Other Iranian Sanctions

  • Other Services: The Council Decision also prohibits EU Persons from engaging in any direct or indirect sale, purchase, transportation or brokering of gold, diamonds, and other precious metals with the GOI or its agencies and instrumentalities.  In addition, the sanctions prohibit the delivery by EU Persons of new Iranian denominated banknotes and coinage to or for the benefit of the CBI.  Member States will need to undertake the necessary measures to implement and administer these sanctions.

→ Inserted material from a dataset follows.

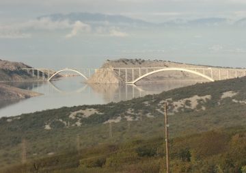 Krk-Brücke, 1976-1980Die Insel Krk ist mit einem Brückenzug aus zwei Bogenbrücken mit dem Festland verbunden.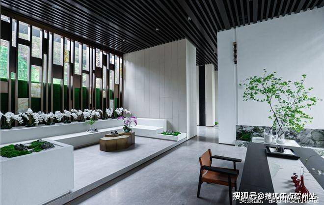 将新中式建筑精髓与当代格调完美融汇于大门之中;极致挑高尺度,尽显恢弘气度。

Freezing of Assets of Iranian Financial Institutions

  • Scope: For the first time, the EU Council Decision and Council Regulation targets the CBI. Effective January 23, 2012 , all funds and economic resources which belong to, are owned, held, or controlled, directly or indirectly, by the CBI in the EU are frozen. Further, no EU Person can make funds or economic resources available for the benefit of CBI. The EU also added Bank Tejarat (an Iranian state-owned bank) to the sanctioned entities list, as well as approximately 12 other persons or entities that provide certain support to the GOI, including the Iranian Revolutionary Guards Corp (IRGC), against whom asset freezes and/or travel bans now apply.  Annexes I and II set forth the specific persons sanctioned under the Council Decision.  The Council Implementing Regulation amends the list of persons and entities sanctioned for involvement with nuclear or ballistic missile activities, the IRGC, or the Islamic Republic of Iran Shipping Lines.
  • Exceptions: Pursuant to the Council Decision and Council Regulation, the above economic sanctions do not apply to transfer of funds by or through the CBI, or economic resources received and frozen from the CBI, when either of two requirements are met: (1) other financial institutions are not identified on the EU sanctioned list and are transferring payments owed under a specific trade contract, provided that no designated person will benefit, or (2) the relevant Member State has authorized, on a case-by-case basis, that the EU Person's payment will provide trade financing liquidity that is in accord with the EU policy.

Conclusion

The additional EU sanctions, along with the recent US, UK, and Canada actions, create a tighter net around the Iranian petroleum- and petrochemical-based sector. However, given certain Member States' greater reliance on Iranian petroleum-based exports, the EU sanctions do not impose a complete severance of trade relations with Iran, at least for the next several months. Instead, the expanded sanctions are more targeted, and provide a transition period for certain pre-existing contracts. The review clause also allows for amending these sanctions to reflect the EU's need for uninterrupted energy supply.  

We will continue to keep you apprised of developments regarding sanctions against Iran.